O prazer, tão valorizado pela geração Y, é de fato um dos elementos que explicam por que a combinação de objetivos, desafios e recompensas funciona. Teles afirma que essas situações ativam o sistema dopaminérgico, responsável pelas sensações de prazer e bem-estar. Com mais dopamina no cérebro, as pessoas também ficam mais criativas, concentradas e propensas a aprender e memorizar conteúdos. “Em projetos bemsucedidos, as pessoas podem nem perceber que por meio de um programa de treinamento corporativo, por exemplo, estão exercitando habilidades que as tornarão mais qualificadas. Elas apenas se divertem diz Zichermann.

O fato de colocar o indivíduo no centro da situação – na gamificação, a ênfase é dada à experiência do usuário, lembra Santos – é mais um fator positivo, além das recompensas. Mas, como atesta a executiva do Fleury ao relatar o caso dos funcionários que não trocam seus pontos por prêmios, não são exatamente bens materiais que motivam, embora eles possam estar presentes e sejam sempre bem-vindos. Quando se propõem a cumprir uma meta ou a participar de uma competição em rede, o valor mais apreciado é o reconhecimento social. Além de ser o elemento mais importante, o status é o mais barato. Afinal, qual o custo de conceder ao usuário uma estrelinha a mais para ele exibir em seu perfil?

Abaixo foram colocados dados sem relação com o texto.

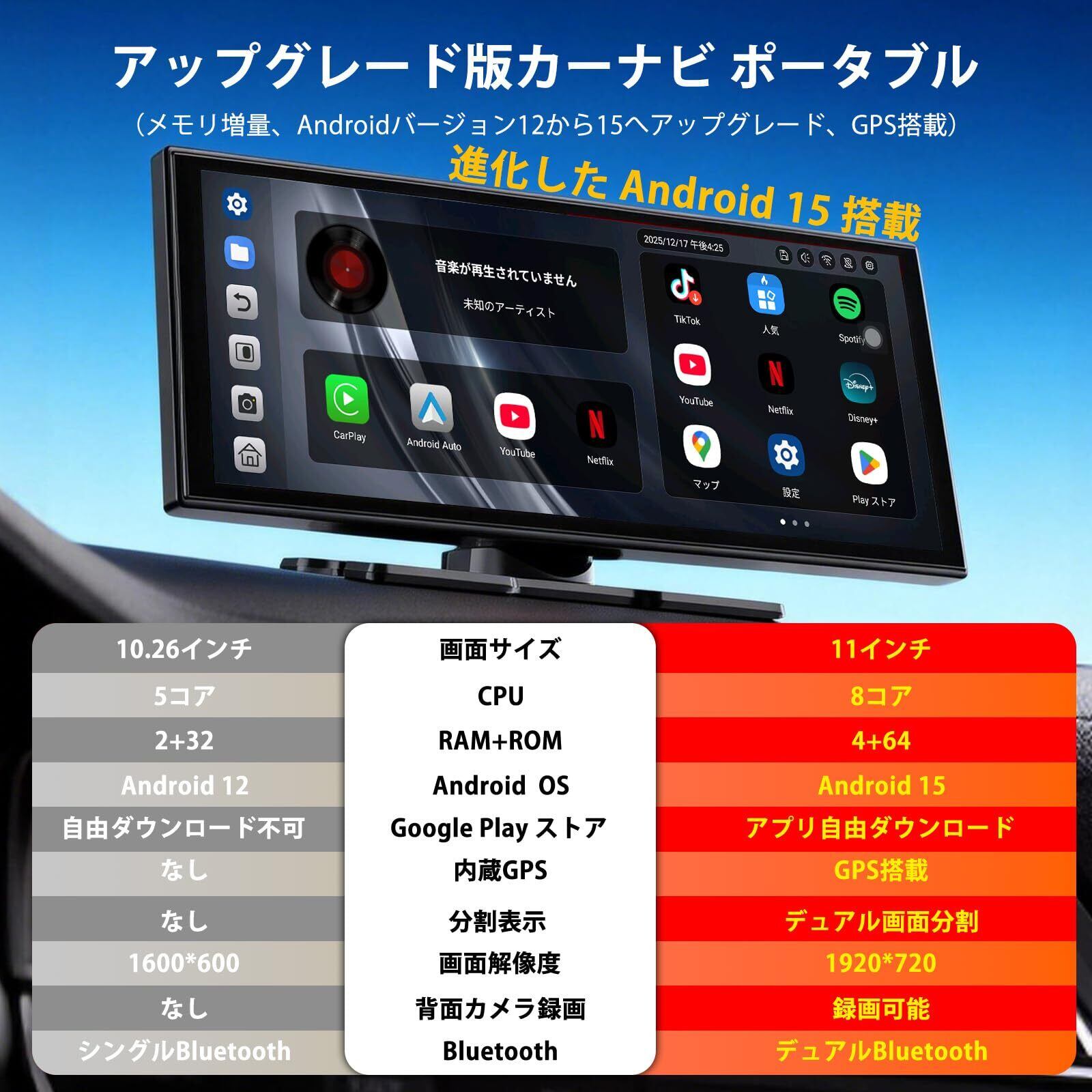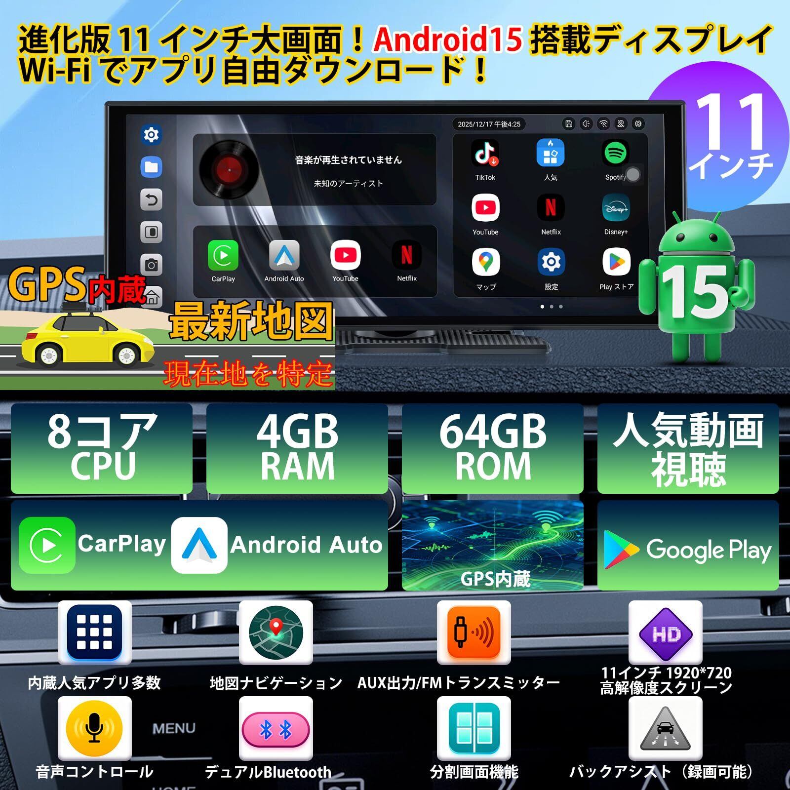 YouTube、TikTok、Netflixなどの人気アプリを自由にダウンロード可能、Android 15システム搭載、8コアCPU、4GB RAM+64GB ROM、CarPlayとAn… 表示を増やす

Justamente por esses aspectos, a psiquiatra Silvia Jardim, do Instituto de Psiquiatria da Universidade Federal do Rio de Janeiro critica a gamificação. “Isso é um refinamento dos métodos de exploração e de dominação do trabalhador; seria melhor se os funcionários fossem remunerados financeiramente”, diz a médica, coordenadora do Programa de Atenção à Saúde Mental dos Trabalhadores da universidade. “Sem contar que a técnica se assemelha a instrumentos de condicionamento, adestramento. Estão lidando com homens ou ratos?”, brinca. Sobre isso, Zichermann reconhece que há, sim, na tática, componentes do condicionamento clássico, baseados em estímuloresposta. “Eles também estão presentes em todos os videogames eprogramas de mudança de comportamento. Mas criar um sistema gamificado, que funcione em longo prazo e dê resultados, vai além de trabalhar com condicionamento”, defende.

Com a disseminação do conceito, a possibilidade de tornar as pessoas dependentes de estímulos é uma preocupação pertinente, na opinião de Teles. “Nosso cérebro reflete, em grande parte, estímulos bombardeados pelo ambiente. Isso gera padrões cognitivos e emocionais que determinarão nossa tomada de decisões e interação com o mundo”, afirma. Mas, como nem tudo pode ou deve ser gamificado, como dizem os especialistas, é pouco provável que o mundo a nossa volta se transforme em uma grande missão performática. As técnicas continuarão restritas a algumas situações e, a despeito das críticas, seguirão engajando as pessoas. Como diz Silva Jardim, citando Freud e Jacques Lacan, todos somos movidos por objetos de desejo, e eles estão contemplados nas recompensas desses programas.